To validate this statement through a practical implementation, a methodology with three main stages was presented. During the first two stages, a graph analysis platform using tools such as the Neo4J graph database and BloodHound was planned and built. This also included the design of a graph database schema and the definition of new node and edge types. To populate the graph database with data, an export and import script was created to ingest test data from a Microsoft cloud test tenant. In the last stage, the graph analytics methods were presented to identify privileged entities, and a proposal was described to measurably reduce attack paths to such entities.

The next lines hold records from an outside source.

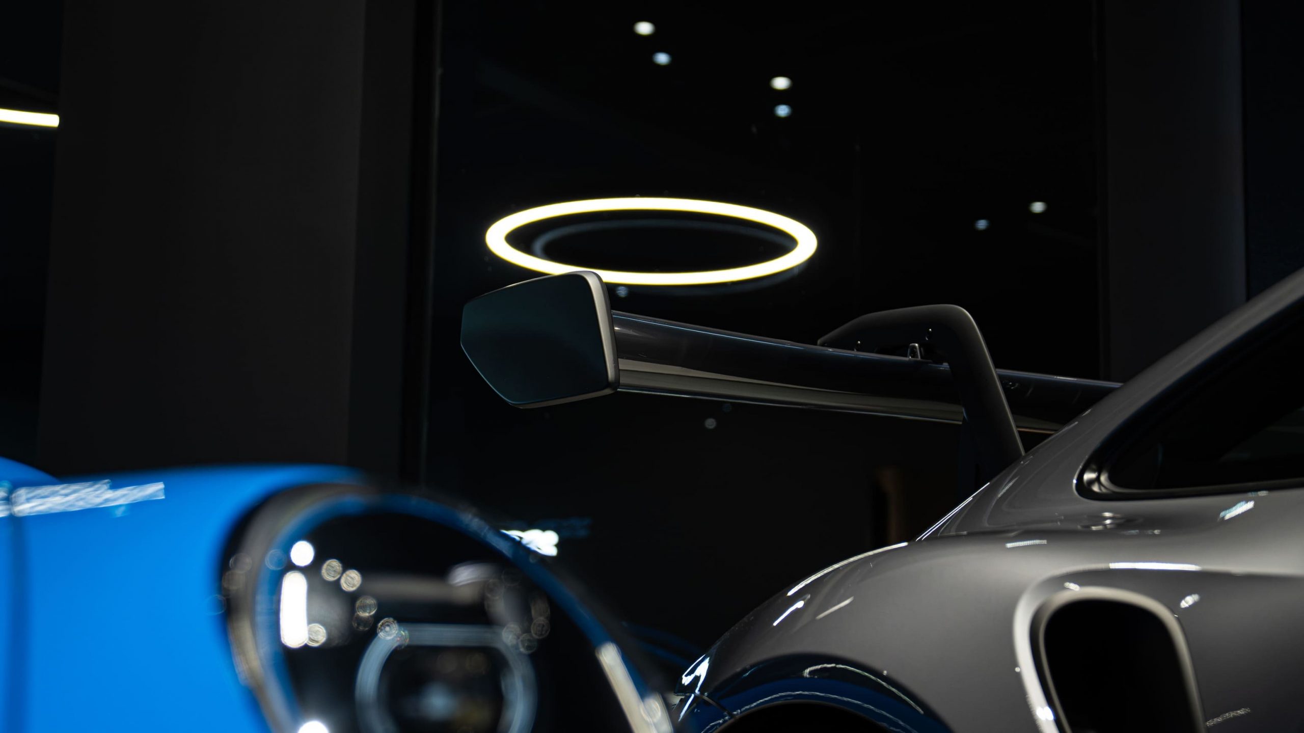 Ganzkörperaufnahme eines Sportwagens im Wagenwerk Showroom
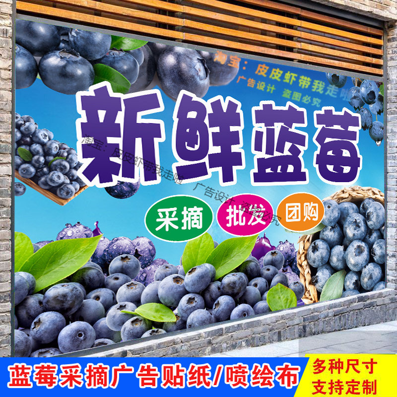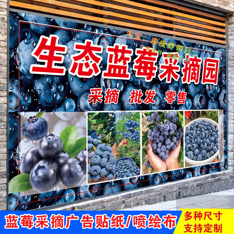 蓝莓采摘园广告新鲜蓝莓采摘海报定制果园采摘喷绘布海报贴纸自粘
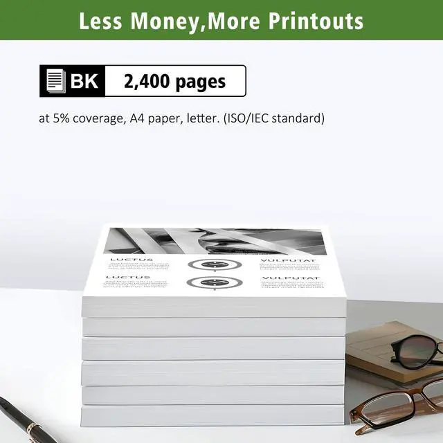 Page Yield: High capacity 2400 pages at 5% coverage, A4 paper, letter. (ISO/IEC standard). ^^ Superior Print Quality Trust in our compatible toner cartridges to consistently provide reliable performance. With advanced printing technology and high-quality components, our cartridges offer consistent and dependable results throughout their lifespans. ^^ Environmentally Friendly By choosing our compatible toner cartridges, you're making an environmentally conscious choice. Our cartridges are manufactured using eco-friendly materials, reducing waste and minimizing the impact on the environment. Enjoy excellent print quality while contributing to a greener future.
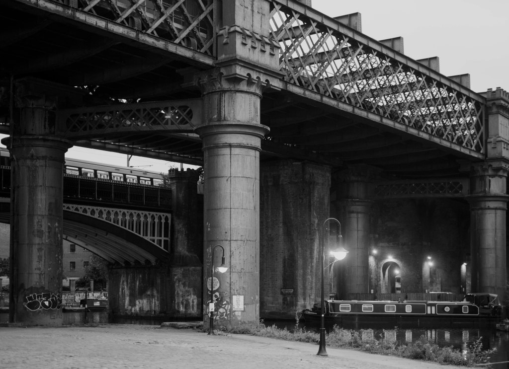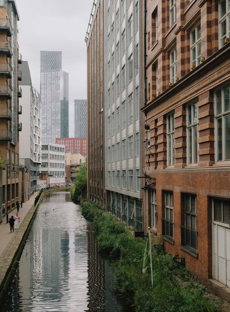 Antiguos edificios de ladrillo rojo junto a modernísimos rascacielos de cristal. Viejos edificios residenciales junto a hoteles brutalistas de decenas de plantas. Un antiguo sistema de canales para transportar mercancía junto al cual se han edificado flamantes bloques de pisos. Mires donde mires, Manchester es un constante desconcierto.
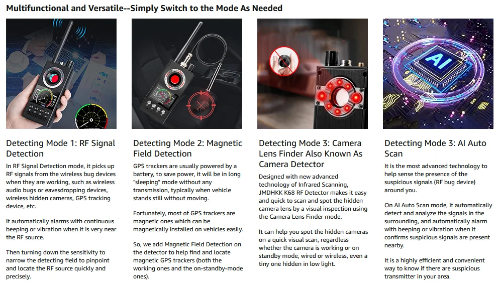 Улучшенная защита:Речь идет о RF детектор, Камера Определитель фальшивости gps-трекер детектор, подслушивающее устройство Определитель фальшивости 4-в-1 ошибка подметания устройства, предлагая 4 режима обнаружения: обнаружение радиочастотного сигнала для поиска беспроводного устройства ошибки, обнаружение магнитного поля для определения местоположения магнитного gps-трекера, поиск объектива камеры для обнаружения скрытой камеры, И автоматическое сканирование AI, чтобы автоматически определить, находится ли устройство RF на вашем месте. Защитите вас больше от любой потенциальной утечки конфиденциальности. Это приносит вам больше душевного спокойствия.
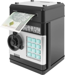 La hucha electrónica KRUZZEL, con diseño de mini caja fuerte, es una excelente compañera para los pequeños ahorradores. Permite introducir fácilmente tanto billetes como monedas, y el acceso a los ahorros está protegido por un PIN propio de cuatro dígitos. Un recordatorio práctico tras 20 segundos avisa de que la puerta está abierta.
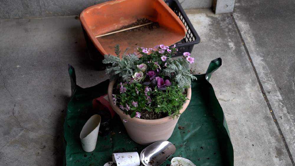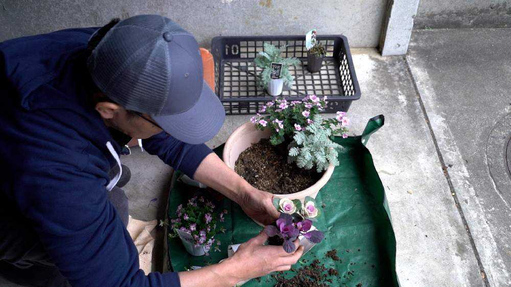 寄せ植え苗のミニ葉ボタン ミニデュエット&ミニファミリーを株分けします。本当は4つに株分けしたかったのですが、品種ごとに地下で繋がっていたので、2つに株分けした所でやめておきました。

The goal of this paper is to evaluate the benefits of graph-based data representation for understanding and uncovering complex entity attack paths in the Microsoft cloud. Through the work, we presented the advantages of using graphs. The presented technical approach can also be applied to other IT environments such as Google or Amazon Cloud.

Our work recorded the following key findings:

  • Attack path identification and analysis are limited by two aspects, the collected data and the implemented edges between nodes.

  • Various methods exist to query data from the Microsoft cloud, such as with the official Azure PowerShell cmdlets or directly from the Microsoft Graph REST API.

  • The data that can be queried from the Microsoft cloud is not always following the same data schema. Hence, often research is required to interpret the queried data correctly.

  • The Microsoft cloud, compared with an on-premises Active Directory, has multiple services which can make access decisions, such as Azure AD API, ARM API, MS Graph API, various cloud applications and more. Visualising these access decisions in the form of edges in a Graph can uncover the complexity of a Microsoft cloud environment.

5.1 Future work

The edges and nodes that were implemented during this research were just a start and can be extended with many more use cases. New nodes could be added in regard to Azure ARM, such as storage accounts, Azure functions, Azure logic apps, network components and many more. New edges could be added as well between the already implemented nodes, such as key vault access permissions, app role permissions, Azure AD roles and so on. Summarised, the Microsoft cloud is continuously changing as new features are added; thus, the iteration of finding new attack paths is an ongoing task. In addition, the generation of attack graphs and the identification of relevant attack paths are a manual process that would benefit from automation. In future research, we can look into automating this procedure and ranking the identified attack paths based on relevancy using graph algorithms.

Moreover, the BloodHound extensions that were added during this research would require further adaptations. These include the modification of the import functionality in the BloodHound web GUI and the adaptation in general of the web GUI to support the newly added node types. After these changes are completed, we foresee a release of the modified BloodHound version to the public. This would benefit anyone that is interested in using graphs to assess their Azure AD tenant. Furthermore, we are committed to run a comparative analysis study using our approach against existing methods, which should offer a better understanding of the limitations and advantages of our approach. Careful consideration will be given to important factors such as the scope of the analysis, the criteria for evaluation, and the source of the data.